Thursday, June 14, 2012


I've been spending most of my summer nights running through the quiet streets of our Northern California town, all while listening to Ellie Goulding's Lights. I tend to lose myself inside my own mind, feeling the wind shuffle me along the rocks and watching the sun disappear behind the hills. 

It feels like pure freedom.

I consistently daydream during this chunk of time. Lately, the thoughts keep coming back to the same thing, my desire to get back to what feeds me which is to write fictional stories. For a long time that has been my passion..ever since I was a little girl. But at some point in my life I found myself frozen in the haze of the fear. It encompassed me like an unfriendly & treacherous fog, spreading its feelings of self doubt all around me. I would start stories and not finish them on paper once they were finished in my head or stop relating to the characters half way through. I have been afraid of rejection and succumbed to the fact that most likely my words would  never be given the chance to leap off the pages and into someone else's head, so why even bother? It seems that it's truly hard to get your work published these days, which makes the goal of being an author feel unobtainable. 
I don't know why this seed of negativity was planted, because normally that's just not my style. But with all of these thoughts dominating my head space and pulsating around, the solution has been getting louder and louder and I am no longer able to ignore it. I figure it's time for me to conquer the fear and reach towards a new goal. And if I am being honest with myself, what better way to spend the last year of my 20's? 
However, bigger than all of these revelations, is the fact that I haven't felt this fire inside of me in a long time. And last night while putting on the same old, worn-out sneakers and tying up the loose hairs from around my face, I felt was the same spark I felt before deciding to start this blog. That was not only encouraging but comforting because it felt familiar. 
So here I go. A new story idea floating around in my head...pulling itself together, taking on its own form and feelings of vulnerability and using my hands and voice to tell it. I'm not sure what will come of it but no matter how it ends up I am just glad I get to share this process with all of you. 
Have any of you ever been afraid to do what you love or am I the only oddball? Please join me in the fight to keep reaching for different goals and to keep dreaming..

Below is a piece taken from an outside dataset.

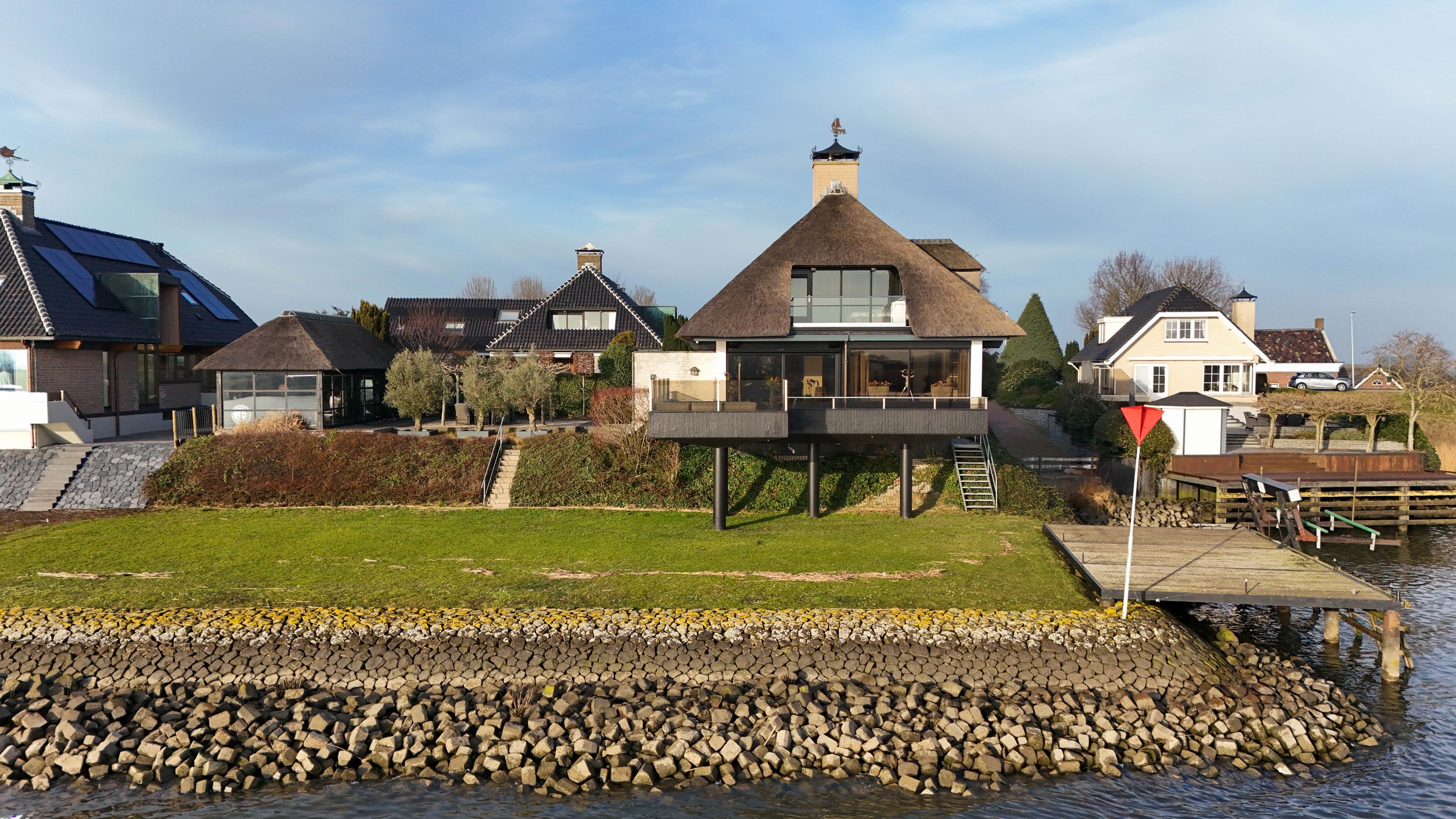 De Werf 5 in Lekkerkerk is a home for people who know what they want. Peace, space, water at your feet and comfort at a high level. This thatched villa is located in a truly rare spot, directly on the river Lek, with its own private jetty and boat lift. Here, you can step straight from your garden onto the boat and sail towards the Biesbosch, Dordrecht or Rotterdam. The view over the water never gets old and changes every moment of the day. This is living with allure, freedom and privacy.

  1. I know exactly what it feels like!
    I thought I would share this, if you don't already read her blog, I suggest it.
    Emily from Chatting at the sky wrote a book and talks a lot about fear. She breaks it down in post after post of the most beautiful words. You will love it.
    Here is a link to one of her posts, but I dare you to stop at just one.

  2. Jessica thank you SO MUCH for sharing. I am loving this blog & I will be reading it, :.)

  3. It sounds like the perfect way to close out your 20's. It is a gift to have the desire for something specific. At 32 with a job that I like, but doesn't fulfill on a creative level and since I don't know what will, there is a hole there that I haven't figured out yet. So do it for yourself, and those of us who haven't figured it out yet:)

  4. This is such a beautiful post. I adore your articulation of recognizing the "spark" and its familiarity. I have been in such a funk and your words have inspired me to find my own spark again. Thank you. Please post teasers of your writing when you get some. I have no doubt it will be lovely. xx

  5. Thank you for writing this. I have recently been striving to work toward the one life goal as well. It sometimes seem that we are our biggest critics and that even the people we would hope would bring us up and encourage us seem to often be the ones to drag us down; but you keep trying! Don't let their doubt become yours. I believe that other doubt us because they know they could never be that grate themselves. So you prove them wrong! Prove yourself wrong! live after your dreams and never stop reaching! <3

  6. All of you are super sweet & make me feel like I can do it! I'll be happy to post teasers along the way ;.) I hope you all find what drives you in your hearts...hold onto it & don't let go. Thanks again for your sweet words! Much love xoxo.